Al Ain 0 Al Jazira 0
(After 90 mins. Al Ain win 5-4 on penalties)
DUBAI // In winning the Super Cup title on penalties tonight, Al Ain may have stumbled upon a solution to their continuing search for an Asian-born striker to replace Yasser Al Qahtani, their departed Saudi overseas player.
Perhaps they should think about hiding Dawoud Sulaiman's goalkeeping shirt, stealing his gloves and forcing him to play up front.
By the look of his match-winning penalty at the end of a seemingly interminable shoot-out at the Zabeel Stadium, Al Ain's custodian has a bright future as a goal-getting centre-forward. Or at least a penalty-taking goalkeeper in the mould of Paraguay's Jose Luis Chilavert or the Brazilian Rogerio Ceni.
But they were deserving victors on the balance of play.
On the eve of the game, Cosmin Olaroiu, Al Ain's manager, had seemed about as underwhelmed about the onset of the new season as a child who had been given a pack of cards to replace their broken Xbox.
Their supporters, by contrast, were full of their usual zeal.
As long as two hours before kick off, the Al Ain followers had commandeered the car park at Al Wasl's Zabeel Stadium for their own party. Dress code: white with purple trim. Parking: anywhere you fancy. By the time of the kick off, the northern end of the ground, where their supporters were penned, was overpopulated – as is the norm when Al Ain play away from the Garden City.
While there were gaps at the Jazira end, the Al Ain faithful poured themselves into any available spaces in the aisles, or stood at the back of the stands.
It was hardly needed, but Asamoah Gyan, the champions' star striker, broke off from the pre-match formality photograph, ran to the supporters and gestured to gee them up.
It was like trying to light a fire that had already been burning for 30 minutes.
Olaroiu said the victory was a dual tribute to Walid Salem, the goalkeeper and captain of Al Ain, who was absent to be with his ill son, as well as the side's fans.
"They are our 12th, 13th, 14th, 20th players, and like always, we are trying to keep in step with them," the coach said. "They are pushing us in front always. It is the reason we play football.
"They are happy because of the football team, they are sad because of the football team.
"This is why we have given them two reasons to be happy and proud in the past few months. This is our reason to be here."
Gyan has enjoyed a rich affinity with his new public ever since he first made his surprise move from Sunderland in the English Premier League last year.

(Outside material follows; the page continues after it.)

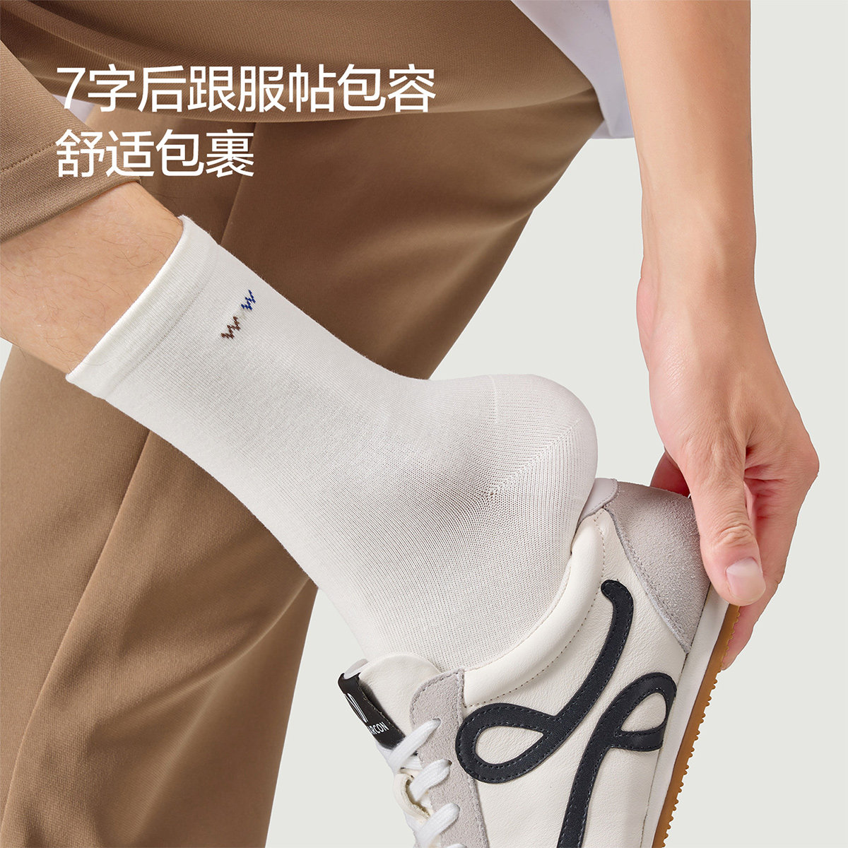 意尔康男袜运动休闲长筒袜透气春秋男款无骨高筒袜子男生白色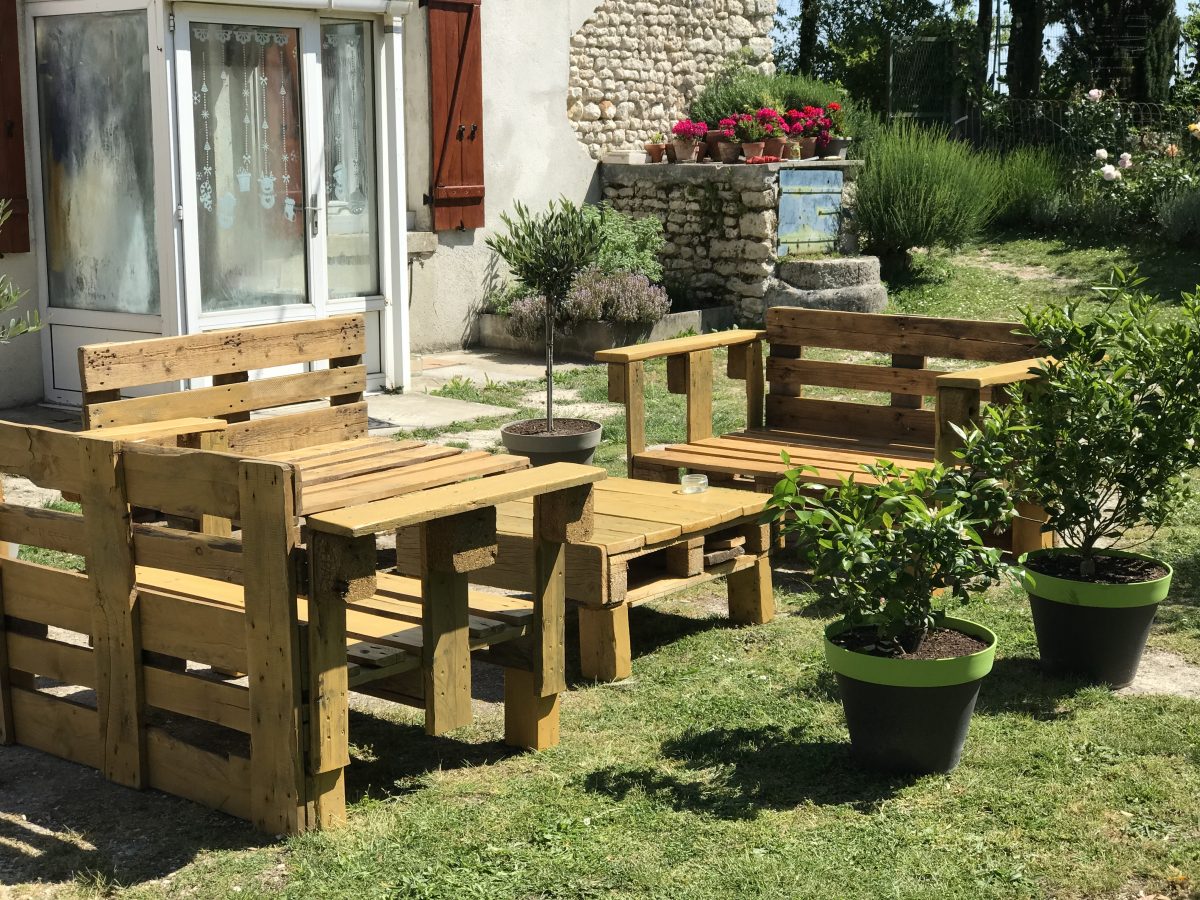 Je dispose de nombreuses palettes récupérées au cours de mes différentes livraisons de matériaux. Parmi ces différentes palettes, il y a un type particulièrement intéressant dit « Europalette » qui a l’extrême avantage d’être normalisé : Toutes les palettes font 80×120 cm, et épaisses de 15 cm, avec toutes le même nombre de traverses, de connecteurs, etc… Et ça c’est particulièrement intéressant pour des constructions diverses telles qu’un salon de jardin.

The Ghanaian striker did his best to give them something to cheer in the first phase, twice creating shooting chances, only to be thwarted.
He was a constant menace, and he set up the clearest chance possible for Omar Abdulrahman on the hour mark.
Abdulrahman, Al Ain's willowy playmaker, has enjoyed rave reviews this summer, after his exploits at the London Olympic Games then in a trial at Manchester City.
Yet his fitful display tonight reached a low when he sent the opening Gyan had created dribbling past the post.
Gyan did similar shortly after, but in fairness to him he was under pressure from an onrushing Ali Kasheif, the Jazira goalkeeper. He got to the ball first, only to divert it wide, and both players were flattened in the process.
If Abdulrahman is really going to make good on that move to Manchester City, or any other of Europe's leading clubs, he will be hoping the scouts only see the edited highlights of this cup final.
Skip the second-half blooper with the goal at his mercy. Then fast forward as rapidly as possible past the penalty miss at the end.
As the pendulum swayed throughout the shoot-out, it seemed as though Kasheif was going to be the Olympian making the headlines. The goalkeeper saved three of Al Ain's efforts from the spot.
It was harsh that he ended on the losing team.
The goals Al Ain did score from 12 yards out has to be perfect to beat him, but none were better than the decider, which Sulaiman drilled powerfully into the roof of the net to send the first trophy of the season heading to Al Ain.
"We were missing when it came to finishing, and the moment we started to control the game, Al Ain became more dangerous on the counter-attack," said Paulo Bonamigo, the Jazira coach.
"We lost this match, but we have proved to everybody we have reasons to be positive this season."